__To do__. Exactly as written, reproduce the lines from the beginning of the data through the line containing "Schär Curvies Original"; the pictures are not reproduced.

__Records from a data collection__.
"""
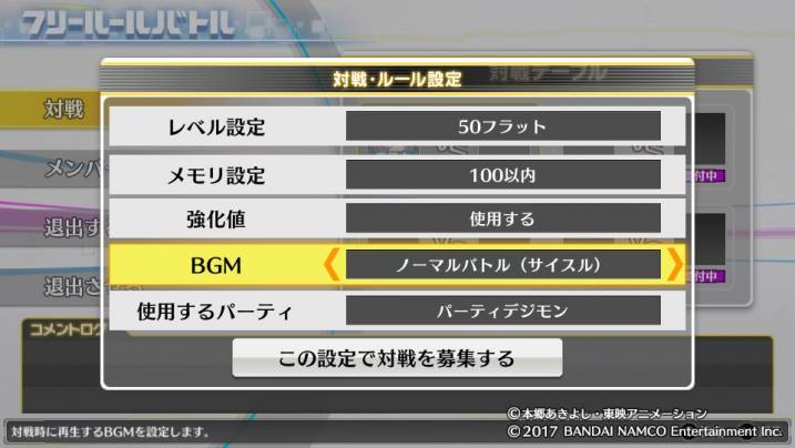 強化値、装備品は反映されますがデジモンのレベルは全て50に固定されます。
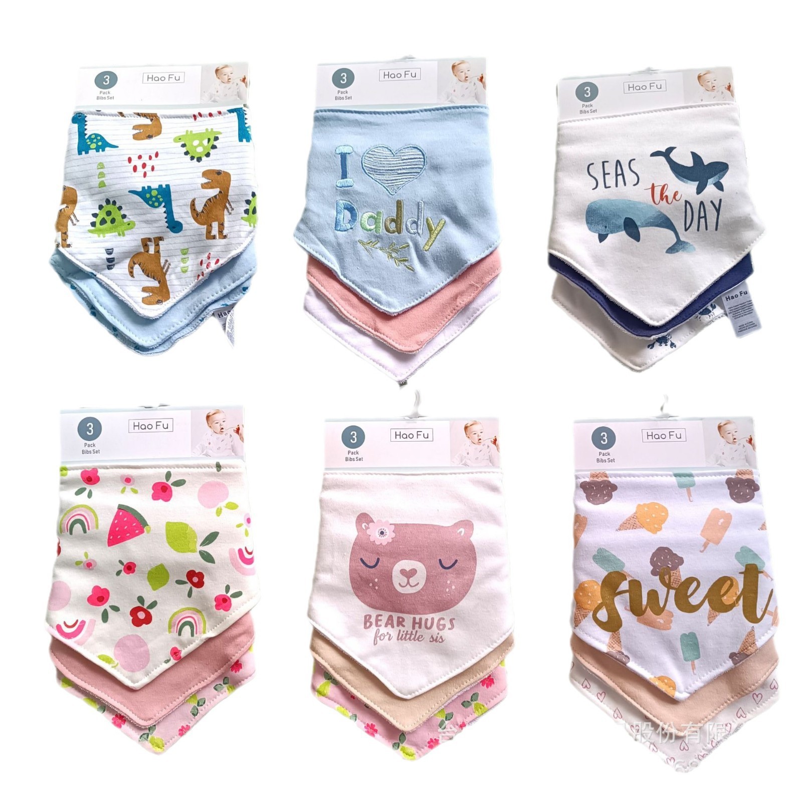 乳幼児の漫画の三角タオルのよだれのタオルは口の綿の質の男の子の宝の女の宝の金の3条の1つの服を囲みます。
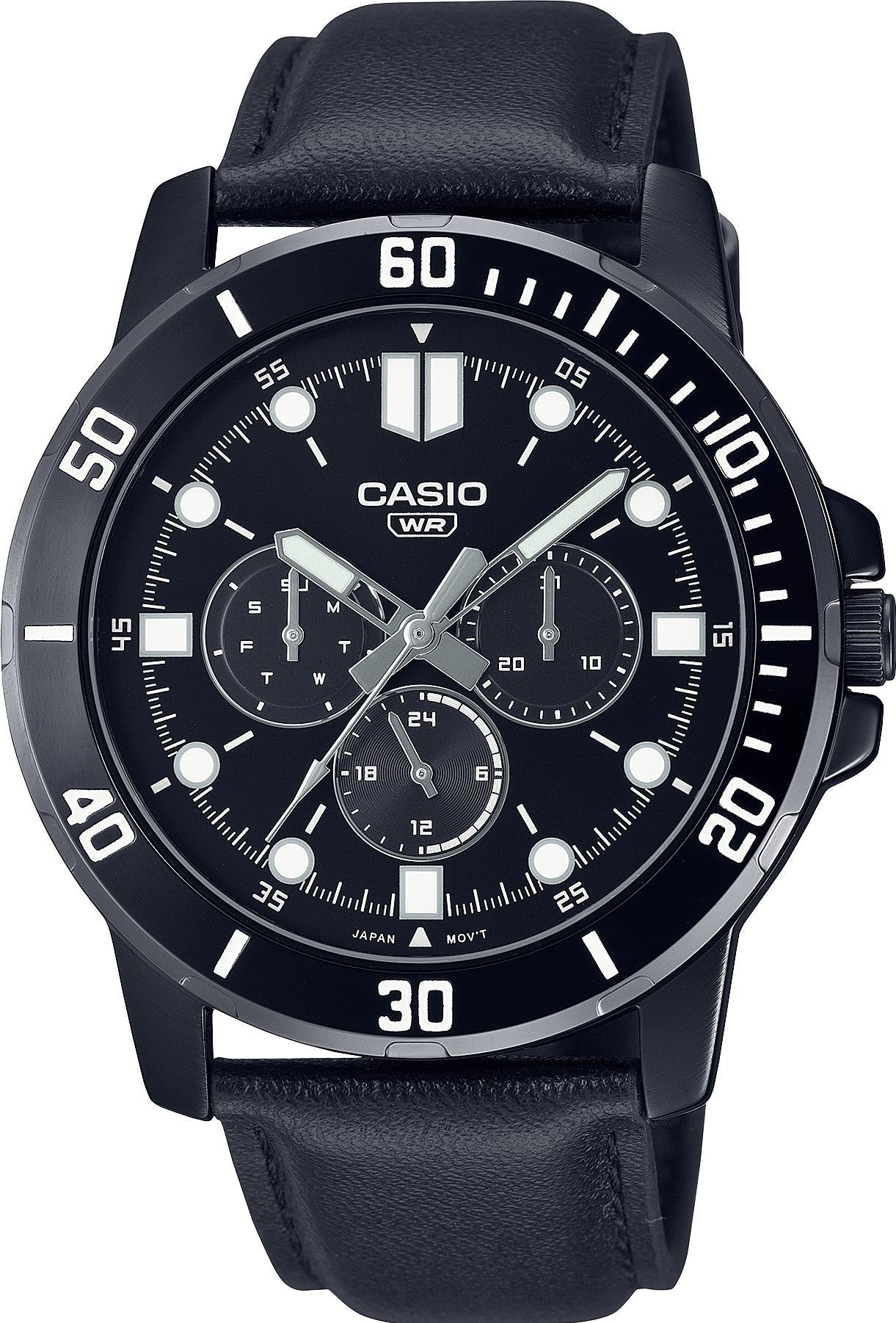 Мужские наручные часы Casio Collection MTP-VD300BL-1E. Точный кварцевый механизм с аналоговой индикацией. Корпус изготовлен из высококачественной нержавеющей стали 316L с высокими антикоррозийными свойствами. На стрелки и отметки нанесен светонакопительный состав, благодаря этому считывать информацию с циферблата возможно и в темноте. На циферблате отображается текущее число месяца и день недели. Аккумулятор обеспечивает часы достаточным питанием приблизительно на 3 года. Отображение времени возможно в 12-часовом или 24-часовом формате. Ремешок изготовлен из кожи. Прочное, устойчивое к царапинам минеральное стекло защищает часы от повреждений. Часы являются водонепроницаемыми до 3 Бар. Цвет корпуса: Черный. Цвет циферблата: Черный. Ширина (с заводной головкой): 45мм. Толщина: 9мм. Гарантия: 2 года.
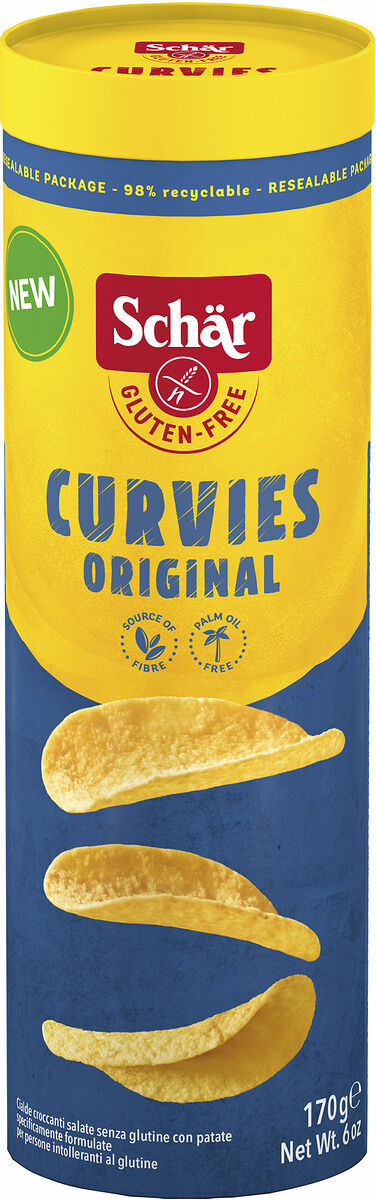 Schär Curvies Original är glutenfria lättsaltade chips i en praktisk förpackning. Dessa glutenfria chips är det perfekta snackset för varje tillfälle. Innehåller fibrer. Fri från gluten. Utan tillsats av ägg, palmolja och konserveringsmedel.
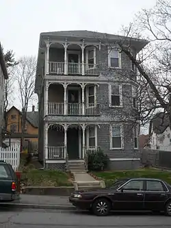 The history of the Main South neighborhood began when, in the 1840s, congressman Eli Thayer, a prominent abolitionist, bought land in southern Worcester in anticipation of rapid economic development. Thayer sold the land without extensive development in order to finance the New England Emigrant Aid Company, which sent abolitionist settlers to Kansas Territory in order to ensure that it would not become a slave state. Development began in the 1850s. In the 1880s, industrialist Jonas Gilman Clark bought land and founded Clark University in 1887.[1] The Main South area has a history as a rough neighborhood, known for prostitution and hard drugs starting in the 1970s and that impression has stuck with the area, despite the fact that the Worcester Police Department has done a great deal to reduce the drug trade, and there has been some fairly successful urban renewal projects, particularly involving Clark University.
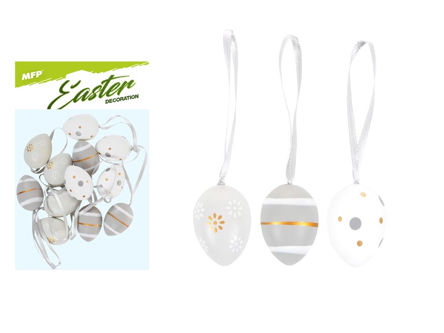 Velikonoční plastová vajíčka s malovanými motivy, v bílé a šedé barvě. Vajíčka mají stužku na pověšení. Vyzdobte si svůj domov krásnými velikonočními vajíčky, které Vám vytvoří okouzlující atmosféru Velikonoc! Tuto dekoraci můžete použít na dekorování velikonočních věnců nebo větviček.
"""
__Written answer__.
 強化値、装備品は反映されますがデジモンのレベルは全て50に固定されます。
 乳幼児の漫画の三角タオルのよだれのタオルは口の綿の質の男の子の宝の女の宝の金の3条の1つの服を囲みます。
 Мужские наручные часы Casio Collection MTP-VD300BL-1E. Точный кварцевый механизм с аналоговой индикацией. Корпус изготовлен из высококачественной нержавеющей стали 316L с высокими антикоррозийными свойствами. На стрелки и отметки нанесен светонакопительный состав, благодаря этому считывать информацию с циферблата возможно и в темноте. На циферблате отображается текущее число месяца и день недели. Аккумулятор обеспечивает часы достаточным питанием приблизительно на 3 года. Отображение времени возможно в 12-часовом или 24-часовом формате. Ремешок изготовлен из кожи. Прочное, устойчивое к царапинам минеральное стекло защищает часы от повреждений. Часы являются водонепроницаемыми до 3 Бар. Цвет корпуса: Черный. Цвет циферблата: Черный. Ширина (с заводной головкой): 45мм. Толщина: 9мм. Гарантия: 2 года.
 Schär Curvies Original är glutenfria lättsaltade chips i en praktisk förpackning. Dessa glutenfria chips är det perfekta snackset för varje tillfälle. Innehåller fibrer. Fri från gluten. Utan tillsats av ägg, palmolja och konserveringsmedel.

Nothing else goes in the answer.